**Exercise:**
Type the data below again exactly. Omit all pictures.
::: Provided material :::
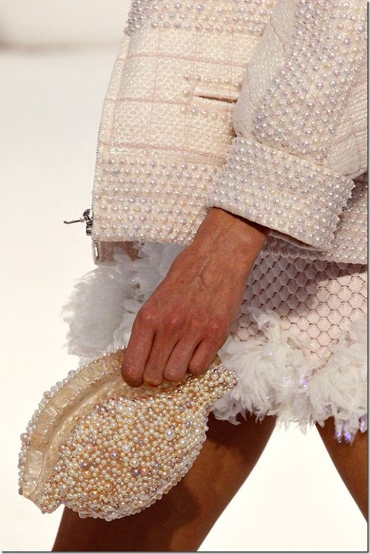 The dresses moving in a manner of algae and waves as if the fabrics were submerged in water, a totally unforgettable chic little black dress with a sharp collar and a few other structured pieces that were very Chanel, the textures of corals and nets, the haute couture pleating adding the lightness, generous sprinkle of pearls in most beautiful golden, silver and rose shades, purely perfect shell-shaped clutch bags, glowing make-up and white, coral or apricot coloured nails that added a very special “ta-dah” touch. Every single detail was a stunning masterpiece. I was glad that there were 80+ looks – I just didn’t want this show to end.
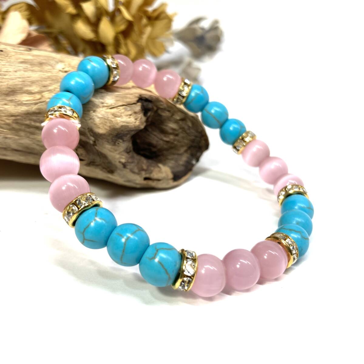 - ターコイズ&キャッツアイ(ピンク)パワーストーン ブレスレット(ゴールド)メンズ レディース 男性 女性 開運 数珠 お守り
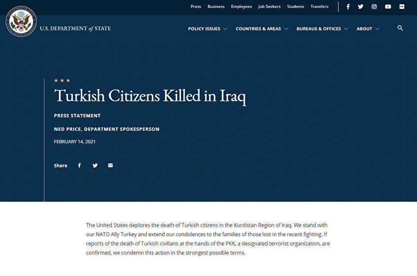 13 Türk vatandaşının ölümü sonrası ABD, bir kez daha iki yüzlü tavrını gözler önüne serdi. ABD Dışişleri Bakanlığı Sözcüsü Ned Price tarafından yayımlanan mesajda şu ifadeler kullanıldı:
:::
**Task result:**
 The dresses moving in a manner of algae and waves as if the fabrics were submerged in water, a totally unforgettable chic little black dress with a sharp collar and a few other structured pieces that were very Chanel, the textures of corals and nets, the haute couture pleating adding the lightness, generous sprinkle of pearls in most beautiful golden, silver and rose shades, purely perfect shell-shaped clutch bags, glowing make-up and white, coral or apricot coloured nails that added a very special “ta-dah” touch. Every single detail was a stunning masterpiece. I was glad that there were 80+ looks – I just didn’t want this show to end.
 - ターコイズ&キャッツアイ(ピンク)パワーストーン ブレスレット(ゴールド)メンズ レディース 男性 女性 開運 数珠 お守り
 13 Türk vatandaşının ölümü sonrası ABD, bir kez daha iki yüzlü tavrını gözler önüne serdi. ABD Dışişleri Bakanlığı Sözcüsü Ned Price tarafından yayımlanan mesajda şu ifadeler kullanıldı:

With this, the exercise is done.